1
votes

I was reading the book Programming from the Ground Up by Jonathan Barlett for learning i386 assembly on Linux

My purpose was to read some project's soure code which was written in asm, then i met this LODSL, from the manual i could know it load data from where %esi point to, and after that increate the address size

So why cant people just use movl to do that? are that any speed improvement or any other issue i haven't considered?

1
"so why cant people just use movl to do that?" They could. But if there's a way to do the same thing with just one instruction (and it's not going to have any significant negative impact on performance), then why not use that instead?Michael
x86 is considered using a CISC instruction set, there are a whole lot of instructions that could be removed (e.g. SUB isn't needed). Still it's good to have them; interesting would be to compare the microcode for itTommylee2k
Not only could people use the mov/add sequence, they should do so, as the sequence is faster than lodsl. That said, the difference between the two is that add sets the flags whereas lods doesn't. lods also behaves differently depending on the direction flag, whereas mov/add always does the same thing.fuz
@Tommylee2k: LODSD isn't actually microcoded, but it decodes to 3 uops (or 2 on Haswell and later). Only instructions that decode to more than 4 uops have to turn on the microcode sequencer instead of just being decoded directly, on Intel CPUs. (And yes, this matters for performance, potentially a lot)Peter Cordes

1 Answers

5
votes

so why cant people just use movl to do that?

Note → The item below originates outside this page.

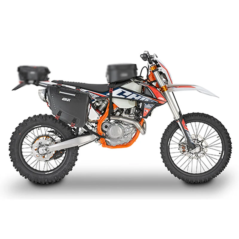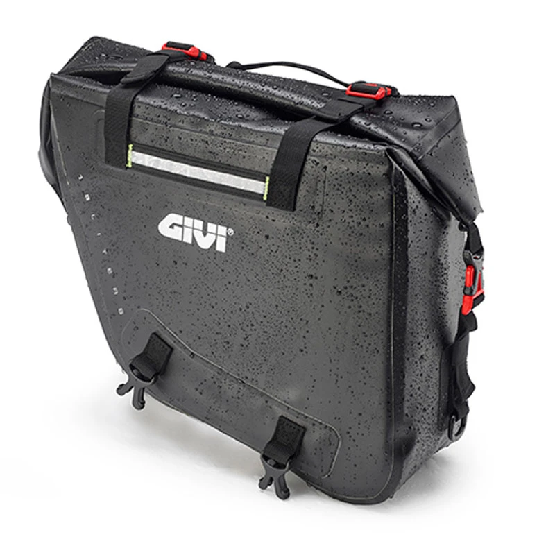 Pareja de alforjas laterales Givi GRT718 impermeables en color negro. Ambas de 15 L, con interior de color amarillo. Estudiadas para moto Enduro off road

code-size, and ADD modifies flags. (Although you can avoid that by using LEA for the pointer increment).

One of the major reasons for the existence of most complex single-byte instructions is that 8086 was almost completely bottlenecked on code-fetch. Besides the fact that memory was precious in general, code size ~= code speed on the first generation of x86 CPUs. That's definitely not the case on modern CPUs, with fast instruction caches and power-hungry decoders, and even caches for decoded instructions.

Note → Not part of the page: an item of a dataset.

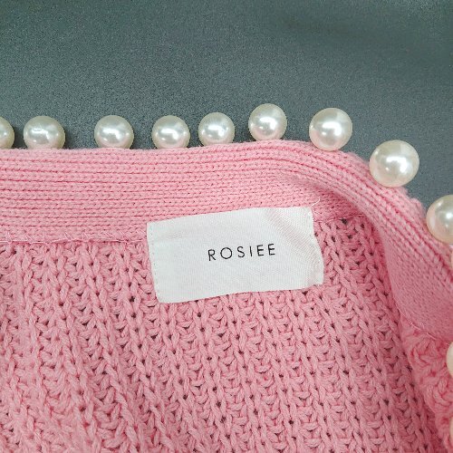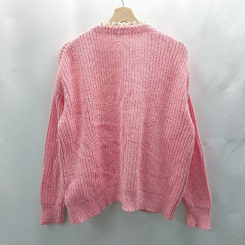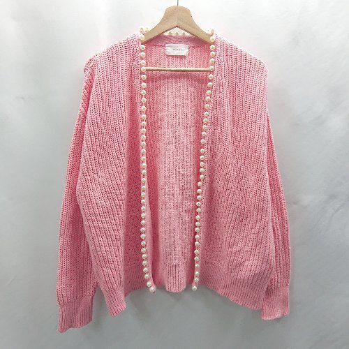 ◇ ⊇ ROSIEE パール 長袖 ニットカーディガン サイズF ピンク レディース E

Having one-byte instructions for exchange-register-with-AX is a huge waste of 8 precious opcodes for modern x86, but was apparently useful for 8086 since MOVSX didn't exist until 386 (so you needed CBW), and other stuff required AX. (And XCHG wasn't 3x worse throughput than MOV like it is now). Fun fact: 0x90 NOP comes from this encoding of xchg eax, eax.

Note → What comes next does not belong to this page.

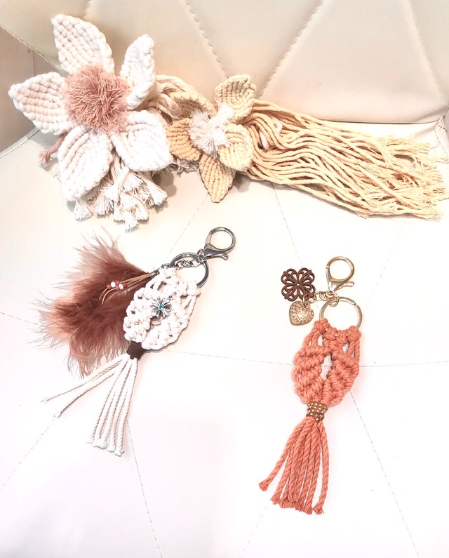マクラメ結びでお花を作りました。 カゴバック やデニムバッグ、キャンパスバッグなどに付けて頂けると、ポイントになり華やかになるかと思います。 長さが少し長いなーと思ったら、お家にあるハサミで切ってみて下さいね。

are that any speed improvements

Yes, code-size always matters.

Also, on Intel P6-family and Sandybridge-family, LODSD (aka lodsl in at&t syntax) is 3 uops until Haswell. On Haswell, LODSD/Q is only 2 uops. (LODSB/W is still 3 uops). See Agner Fog's instruction tables and microarch pdf, and other links in the tag wiki, like Intel's optimization manual.

So until Haswell, it's probably best to use separate MOV and ADD instructions unless code-size is really important (e.g. in a bootloader, where speed is nearly irrelevant).